Having higher levels of the hormone melatonin is associated with a lower risk of advanced prostate cancer, according to a new study.
Melatonin is known for its role in regulating the sleep-wake cycle, and is naturally produced by the body's pineal gland during darkness. Melatonin levels stay high during the nighttime, and then fall during the daytime.

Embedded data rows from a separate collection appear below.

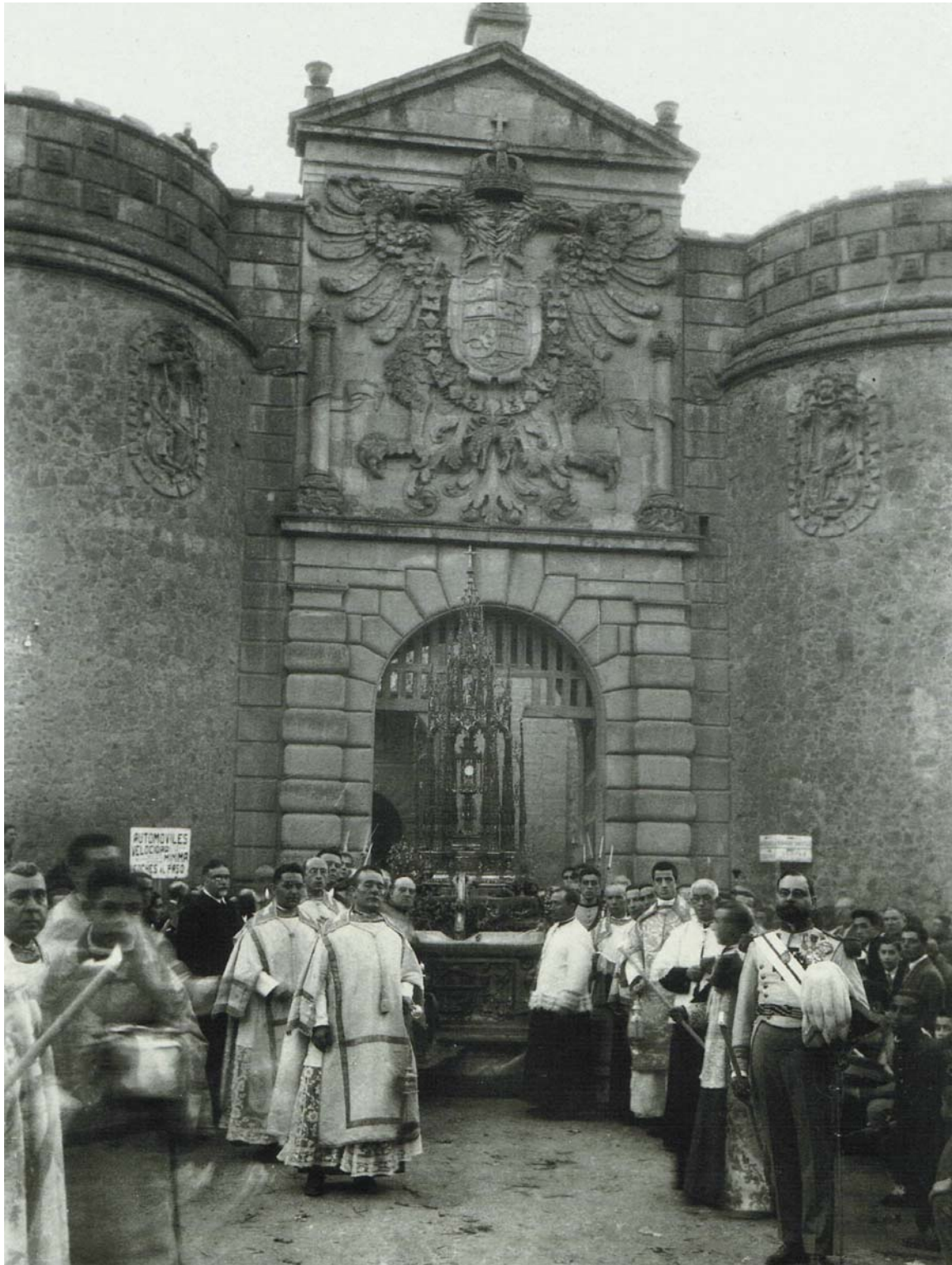
La Custodia de Arfe, con el Santísimo Sacramento, salió en procesión multitudinaria el día 24 de octubre de 1926.

A las dos de la tarde dió comienzo la procesión con el Santísimo, que presidía el Infante Don Fernando, en representación del Rey, y a la que asistían los ministros de Gobernación, Instrucción y Justicia. La custodia de Arfe salió por la Puerta Llana y recorriendo las calles Arco de Palacio, Hombre de Palo, Zocodover, Cuesta de Armas, Arrabal y Paseo de Merchán, llegó a la Vega Baja, donde se había congregado miles de fieles para participar en los actos de la Bendición final.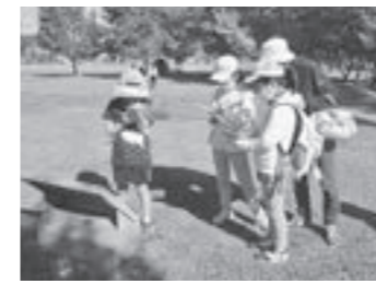
▲縄文ウォークラリーの様子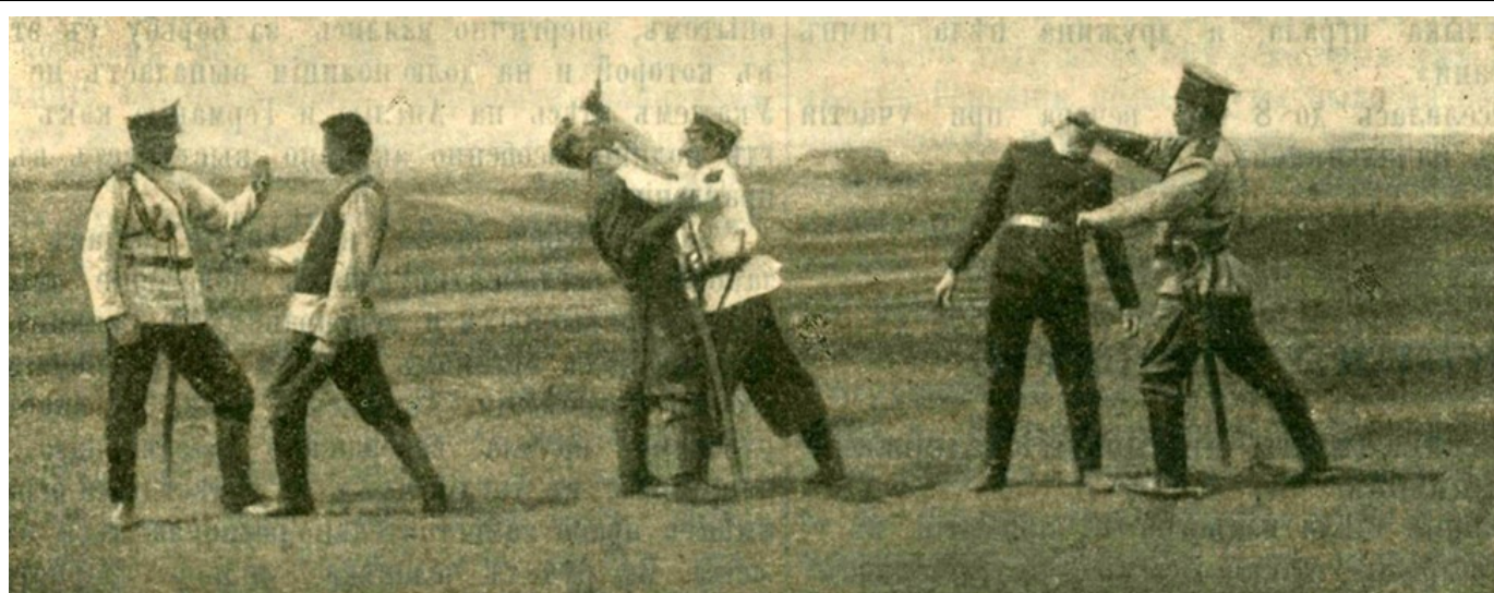
Рисунок 1. Обучение стражников Саратовской губернии приемам японской борьбы («Вестник полиции», 1908 г., № 48, с. 11, фото 1)

компиляцию из появившихся в русском переводе наставлений к изучению Жиу Житсу», его книга является, безусловно, авторской. Под компиляцией Демерт, по всей видимости, подразумевал, что он отобрал наиболее полезные приемы из различных книг по джиу-джитсу. Однако все описания приемов и фотографии в книге созданы Демертом на основе его личного опыта.

Previous experimental studies have shown that melatonin has anti-carcinogenic properties, with the ability to reduce cancer cell proliferation and stop cell cycle progression, study researcher Sarah C. Markt, M.P.H., a doctoral candidate in the Department of Epidemiology at Harvard School of Public Health, told HuffPost. In addition, other epidemiological studies have shown evidence that melatonin could help reduce risk of other cancers, including breast cancer.
She noted that there are three interrelated pathways that may have an effect on cancer risk: disrupted melatonin, disrupted sleep, and disrupted circadian rhythm. The new study -- where it was found that men with higher levels of the breakdown product of melatonin in their morning urine, called 6-sulfatoxymelatonin, had a lower risk of developing advanced prostate cancer -- seems to provide "further support for the influence of the circadian rhythm in prostate carcinogenesis," Markt said.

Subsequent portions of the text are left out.